Runs Taking Longer Than Usual to Execute

Incident Report for scalr.io

Postmortem

Summary

On July 1, Terraform and OpenTofu runs experienced significant delays, up to 10–25 minutes, during the initialization and plan phases for a number of customers, due to capacity constraints in the network-backed provider plugin cache under load. We have mitigated the issue by temporarily removing the shared network storage from the provider download path, and the platform is stable. We are re-architecting how provider plugins are distributed to prevent this class of slowdown from recurring.

What Happened

Before a run can begin planning, it downloads the Terraform/OpenTofu provider plugins it needs (for example, the AWS, GCP, or Azure providers) from a shared cache backed by network storage. A period of high run volume, combined with growth in the total size of the provider cache, drove the aggregate load past the practical limits of that storage. As downloads queued, the init/plan phase of affected runs slowed dramatically, in some cases by 10–25 minutes, and a small number of runs errored or hit their timeout and had to be retried.

The network storage reached its limits due to the large number of connected run nodes and began throttling, slowing down all workloads that relied on it.

Mitigation

After several unsuccessful attempts to increase the storage throughput, we temporarily removed the shared network storage from the provider cache path, providers are currently downloaded over the public network for each run. As a result, init times may be slightly longer than with a healthy provider cache, and runs temporarily depend on the availability of public provider registries.

What We're Doing Next

We are improving the plugin cache architecture along two lines: a node-local caching layer that eliminates the shared network storage bottleneck (to be in place before we re-enable the provider cache), and a caching network mirror that removes the direct dependency on public registry availability. Together, these layers ensure the failure of any one of them is absorbed by the others without service degradation.

We apologize for the disruption. If you have questions or are still experiencing issues, please contact our support team.

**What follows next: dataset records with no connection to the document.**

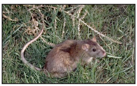
Figure 3. Adult rats, such as this Norway rat and the roof rat below, are much larger than mice.
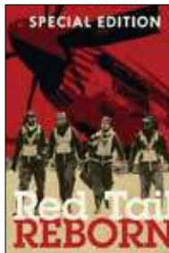
DVDs & Educational Resources
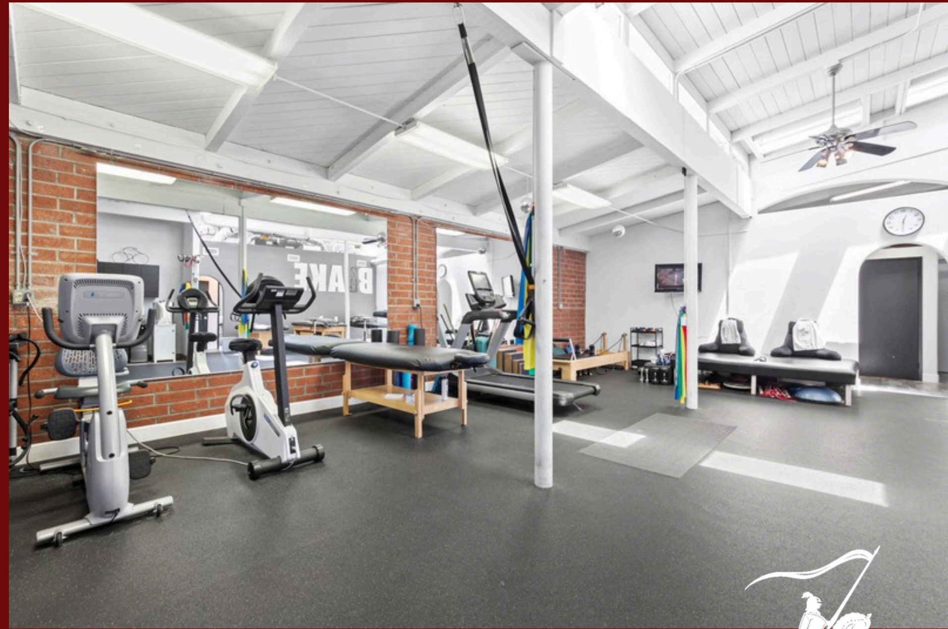
TREATMENT & GYM AREA
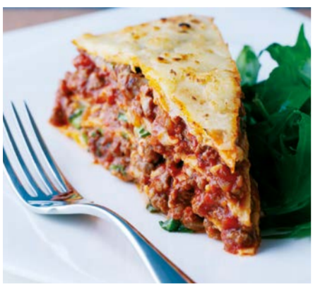
Weekend Family Meal

Posted Jul 02, 2026 - 14:27 UTC

Resolved

This incident has been resolved.
Posted Jul 01, 2026 - 21:46 UTC

Update

We are continuing to monitor for any further issues.
Posted Jul 01, 2026 - 21:17 UTC

Monitoring

A fix has been implemented and we are monitoring the results.
Posted Jul 01, 2026 - 21:17 UTC

Update

Customers should see the lagging runs start to improve. Existing runs will resume normally on their own.
Posted Jul 01, 2026 - 20:42 UTC

Update

We are continuing to work on a fix for this issue.
Posted Jul 01, 2026 - 20:39 UTC

Identified

The issue has been identified and a fix is being implemented.
Posted Jul 01, 2026 - 18:47 UTC

Investigating

We are currently investigating this issue.
Posted Jul 01, 2026 - 18:30 UTC
This incident affected: Scalr Platform and Scalr Worker.